• Try it:
The material below holds pictures, which are to be left out; copy exactly the lines from the one with "Шивашка птица (Tailorbird)" through the one with "Após lançar a".

+++ Recorded information

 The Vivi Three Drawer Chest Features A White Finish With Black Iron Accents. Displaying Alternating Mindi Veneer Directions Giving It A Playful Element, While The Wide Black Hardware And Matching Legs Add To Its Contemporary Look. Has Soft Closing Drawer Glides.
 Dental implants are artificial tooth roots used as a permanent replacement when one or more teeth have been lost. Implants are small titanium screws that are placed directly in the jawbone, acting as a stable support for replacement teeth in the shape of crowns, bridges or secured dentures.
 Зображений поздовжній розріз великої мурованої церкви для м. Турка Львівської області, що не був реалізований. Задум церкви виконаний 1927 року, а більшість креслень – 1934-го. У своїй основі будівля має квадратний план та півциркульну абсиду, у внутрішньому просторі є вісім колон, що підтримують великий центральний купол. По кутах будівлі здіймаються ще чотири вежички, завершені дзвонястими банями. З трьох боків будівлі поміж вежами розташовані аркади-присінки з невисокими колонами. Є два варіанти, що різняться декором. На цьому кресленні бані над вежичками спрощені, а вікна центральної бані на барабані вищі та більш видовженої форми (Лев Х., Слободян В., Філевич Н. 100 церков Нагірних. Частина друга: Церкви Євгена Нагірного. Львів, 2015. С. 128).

++++++
+++ Recorded information

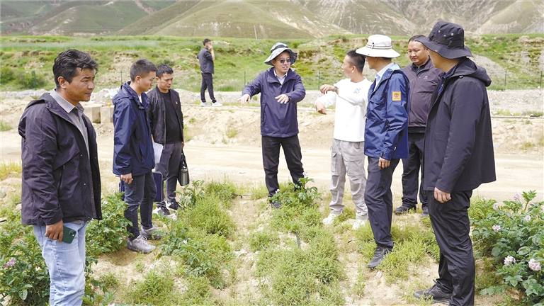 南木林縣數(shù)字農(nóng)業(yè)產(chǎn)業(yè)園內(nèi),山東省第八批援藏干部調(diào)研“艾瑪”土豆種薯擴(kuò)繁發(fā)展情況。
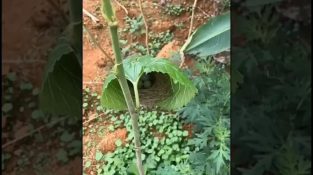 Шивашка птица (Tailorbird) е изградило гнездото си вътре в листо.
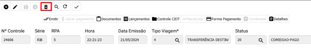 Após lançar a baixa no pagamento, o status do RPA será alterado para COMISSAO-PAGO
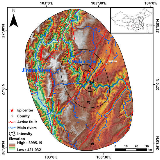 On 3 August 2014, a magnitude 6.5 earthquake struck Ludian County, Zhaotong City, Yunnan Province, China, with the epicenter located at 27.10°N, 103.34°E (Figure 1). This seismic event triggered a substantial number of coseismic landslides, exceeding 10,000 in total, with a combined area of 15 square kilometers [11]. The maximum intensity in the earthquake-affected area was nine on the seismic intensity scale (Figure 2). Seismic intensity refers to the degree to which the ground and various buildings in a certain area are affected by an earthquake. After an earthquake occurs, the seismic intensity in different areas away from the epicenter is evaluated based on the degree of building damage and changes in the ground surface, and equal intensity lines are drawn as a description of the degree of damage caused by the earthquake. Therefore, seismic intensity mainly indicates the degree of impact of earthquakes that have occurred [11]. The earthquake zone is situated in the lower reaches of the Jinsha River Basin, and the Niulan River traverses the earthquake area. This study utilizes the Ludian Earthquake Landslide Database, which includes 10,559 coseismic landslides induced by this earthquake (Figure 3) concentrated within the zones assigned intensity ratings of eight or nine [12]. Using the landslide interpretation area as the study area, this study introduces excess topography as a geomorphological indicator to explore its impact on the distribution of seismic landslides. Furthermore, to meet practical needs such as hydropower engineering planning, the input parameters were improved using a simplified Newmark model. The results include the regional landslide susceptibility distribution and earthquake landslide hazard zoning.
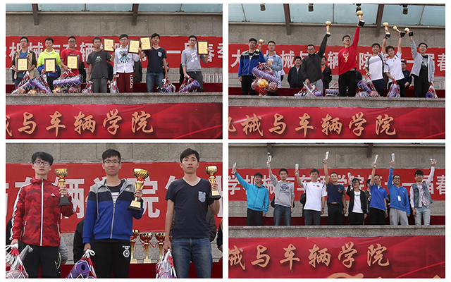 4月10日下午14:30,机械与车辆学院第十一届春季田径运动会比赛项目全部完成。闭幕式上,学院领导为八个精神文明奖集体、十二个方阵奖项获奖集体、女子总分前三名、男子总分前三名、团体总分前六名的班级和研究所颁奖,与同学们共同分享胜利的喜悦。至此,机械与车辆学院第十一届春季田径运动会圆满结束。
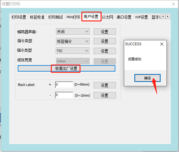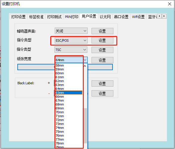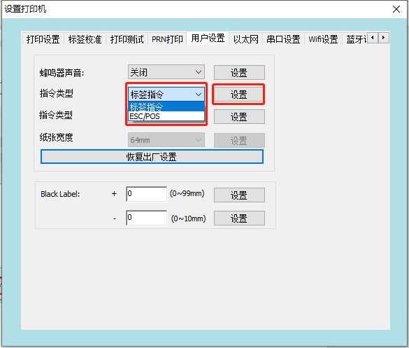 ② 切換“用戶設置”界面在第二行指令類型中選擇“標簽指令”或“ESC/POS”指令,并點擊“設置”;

++++++

• Solution:
 Шивашка птица (Tailorbird) е изградило гнездото си вътре в листо.
 Após lançar a baixa no pagamento, o status do RPA será alterado para COMISSAO-PAGO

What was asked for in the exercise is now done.